# Tool post grinding wheel dressing apparatus



## petertha (Mar 15, 2020)

I made this up from steel bits & pieces. My idea was to have something which was preset to spindle center so it can be temporarily clamped on to lathe bed, dress the wheel then removed & get back to grinding. The diamond tool is the kind bonded into the tip of a 0.375" diameter shank available at most tooling suppliers. (Yes the lathe bed is all covered up when dressing & grinding, just removed for pics).


----------



## Bob Korves (Mar 15, 2020)

Typically, the dressing tool is mounted to the tool post grinder assembly so the wheel can be dressed parallel with the spindle, making a dead accurate dress without any measuring and without the setup changing as you move the compound and other axes to new positions.  Tapered grinding wheels are not often needed or desired for tool post grinding, never in my experience.


----------



## benmychree (Mar 15, 2020)

Never seen such a dressing device, Bob, pictures?


----------



## Bob Korves (Mar 15, 2020)

benmychree said:


> Never seen such a dressing device, Bob, pictures?


No, John.  Just thinking out loud, and maybe not thinking hard enough before hitting the "post" button...


----------



## benmychree (Mar 15, 2020)

Shouldn't you be out in your new shop-to-be arranging stuff instead of sitting in front of the computer ---- shouldn't I be doing the same?  Too darn cold in mine!


----------



## petertha (Mar 15, 2020)

Not quite sure I follow you Bob. With the dressing tool fixed to lathe bed, the carriage is traversed. TPG is mounted to compound, but compound is always locked, so TPG goes along for the ride so wheel gets dressed parallel to spindle axis. I move the cross bed travel inward to dress using DRO as guide (and then re-zeroed). 

Maybe what you are getting at is I don't have control over the amount of grinding wheel removal relative to last position? The only way I'v eseen that done is something mounted on or in the chuck (which is not great if you have work in the chuck). If you have some pictorials that would be great.


----------



## Bob Korves (Mar 15, 2020)

petertha said:


> Not quite sure I follow you Bob. With the dressing tool fixed to lathe bed, the carriage is traversed. TPG is mounted to compound, but compound is always locked, so TPG goes along for the ride so wheel gets dressed parallel to spindle axis. I move the cross bed travel inward to dress using DRO as guide (and then re-zeroed).
> 
> Maybe what you are getting at is I don't have control over the amount of grinding wheel removal relative to last position?

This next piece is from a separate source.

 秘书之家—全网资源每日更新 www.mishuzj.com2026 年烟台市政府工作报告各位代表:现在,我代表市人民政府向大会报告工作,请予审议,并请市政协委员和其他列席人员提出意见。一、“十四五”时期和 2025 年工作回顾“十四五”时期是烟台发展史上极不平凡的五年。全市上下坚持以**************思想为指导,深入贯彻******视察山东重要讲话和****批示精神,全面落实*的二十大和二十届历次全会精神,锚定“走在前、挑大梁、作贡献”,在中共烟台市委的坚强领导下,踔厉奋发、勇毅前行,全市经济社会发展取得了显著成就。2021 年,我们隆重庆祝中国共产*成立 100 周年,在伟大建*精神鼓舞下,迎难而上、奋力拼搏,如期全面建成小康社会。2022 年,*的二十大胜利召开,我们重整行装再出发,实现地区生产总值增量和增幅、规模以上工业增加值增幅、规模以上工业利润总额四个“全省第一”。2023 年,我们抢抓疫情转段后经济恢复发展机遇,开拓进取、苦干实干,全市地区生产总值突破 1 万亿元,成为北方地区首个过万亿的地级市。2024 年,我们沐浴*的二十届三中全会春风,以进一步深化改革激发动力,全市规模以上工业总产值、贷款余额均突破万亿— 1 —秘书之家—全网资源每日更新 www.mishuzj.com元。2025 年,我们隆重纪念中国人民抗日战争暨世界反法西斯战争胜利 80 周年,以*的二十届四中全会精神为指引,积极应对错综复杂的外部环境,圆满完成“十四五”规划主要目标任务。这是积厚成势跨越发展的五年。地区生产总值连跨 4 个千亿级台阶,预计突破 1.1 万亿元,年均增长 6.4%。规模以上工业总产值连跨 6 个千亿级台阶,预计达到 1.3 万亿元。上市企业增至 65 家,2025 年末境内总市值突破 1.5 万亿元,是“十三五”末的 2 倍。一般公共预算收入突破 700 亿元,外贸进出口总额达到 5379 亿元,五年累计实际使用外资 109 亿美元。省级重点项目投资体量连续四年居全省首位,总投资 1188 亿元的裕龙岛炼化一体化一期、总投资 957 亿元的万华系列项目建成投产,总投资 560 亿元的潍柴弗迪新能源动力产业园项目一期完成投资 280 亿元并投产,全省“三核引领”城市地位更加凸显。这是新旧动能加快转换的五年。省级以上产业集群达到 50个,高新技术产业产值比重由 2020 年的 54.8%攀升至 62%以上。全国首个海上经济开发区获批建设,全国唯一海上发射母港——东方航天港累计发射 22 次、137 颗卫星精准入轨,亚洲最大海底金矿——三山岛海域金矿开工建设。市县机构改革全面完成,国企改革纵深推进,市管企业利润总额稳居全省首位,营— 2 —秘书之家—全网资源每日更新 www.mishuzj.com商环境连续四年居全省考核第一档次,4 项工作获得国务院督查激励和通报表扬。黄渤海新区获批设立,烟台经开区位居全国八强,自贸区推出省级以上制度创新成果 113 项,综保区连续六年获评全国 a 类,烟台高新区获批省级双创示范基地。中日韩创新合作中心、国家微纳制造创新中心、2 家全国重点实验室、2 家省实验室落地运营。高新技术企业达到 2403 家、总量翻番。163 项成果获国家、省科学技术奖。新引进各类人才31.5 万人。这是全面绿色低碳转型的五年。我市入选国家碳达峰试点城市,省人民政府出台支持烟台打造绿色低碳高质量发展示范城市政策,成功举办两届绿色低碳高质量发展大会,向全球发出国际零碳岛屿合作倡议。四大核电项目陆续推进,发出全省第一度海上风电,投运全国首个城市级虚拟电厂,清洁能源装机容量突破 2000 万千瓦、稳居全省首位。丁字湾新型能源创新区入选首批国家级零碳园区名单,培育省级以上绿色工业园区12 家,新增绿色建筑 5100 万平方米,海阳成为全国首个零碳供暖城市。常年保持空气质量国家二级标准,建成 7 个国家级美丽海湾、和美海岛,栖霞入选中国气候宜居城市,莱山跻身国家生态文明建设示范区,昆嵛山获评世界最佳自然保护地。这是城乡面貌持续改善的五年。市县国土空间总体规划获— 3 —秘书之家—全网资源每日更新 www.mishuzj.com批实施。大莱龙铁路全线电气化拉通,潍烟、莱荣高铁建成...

The only way I'v eseen that done is something mounted on or in the chuck (which is not great if you have work in the chuck). If you have some pictorials that would be great.

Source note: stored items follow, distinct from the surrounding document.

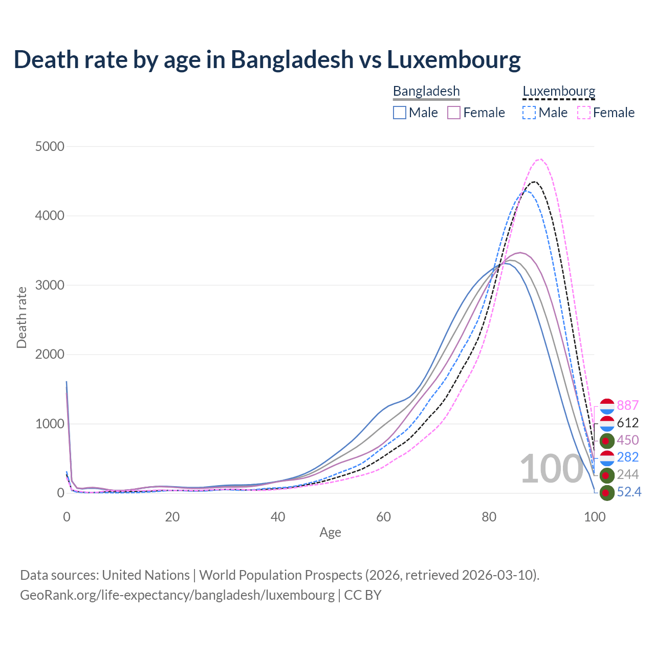 In Bangladesh, the most common age of death is 84, compared to 89 in Luxembourg. The median age of death is 79.7 in Bangladesh and 85.7 in Luxembourg, meaning only half of each cohort is expected to live past that age.
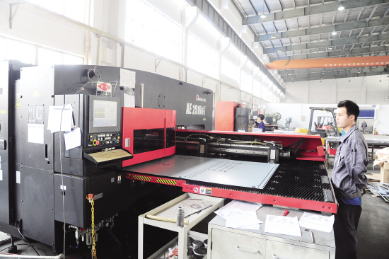 昨天上午,博汭電氣有限公司工人在數(shù)控機(jī)床上沖壓鐵路電氣柜外殼。該公司生產(chǎn)的電氣柜暢銷國(guó)內(nèi)及日本、歐美等地,產(chǎn)品為鐵路、地鐵系統(tǒng)配套,今年產(chǎn)值可超億元。 記者 計(jì)海新 攝
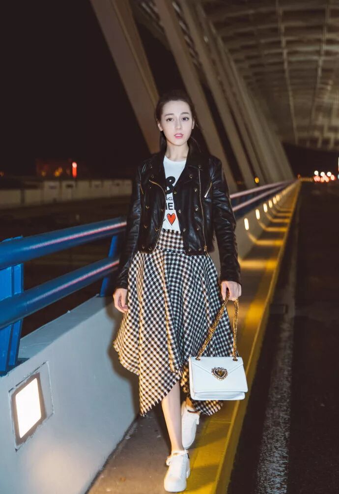 迪麗熱巴去看秀機場的皮衣+格紋裙,這樣的穿搭很適合上半身瘦的梨型身材哦。

No, Peter, I was not thinking correctly.  It has been some time since I used my TPG, and I simply did not remember what to do correctly.  I plead a senior moment, and will leave this thread alone before I post something dumber yet...  -Bob


----------



## petertha (Mar 15, 2020)

HaHa no worries Bob. I was looking forward to learning something new. I haven't used my TPG much & there aren't really a lot of Youtube or instructional references to using them like conventional turning, milling or surface grinding operations.

I've been doing some internal grinding. The results are pretty good, not spectacular but slowly getting better with a few tweaks here & there. My hunch is that there are a lot of variables with TP grinding - stock material, wheel type, tooling, feed & speed, grinder stability, lathe background vibration... I wish I could see some more examples as a point of reference. 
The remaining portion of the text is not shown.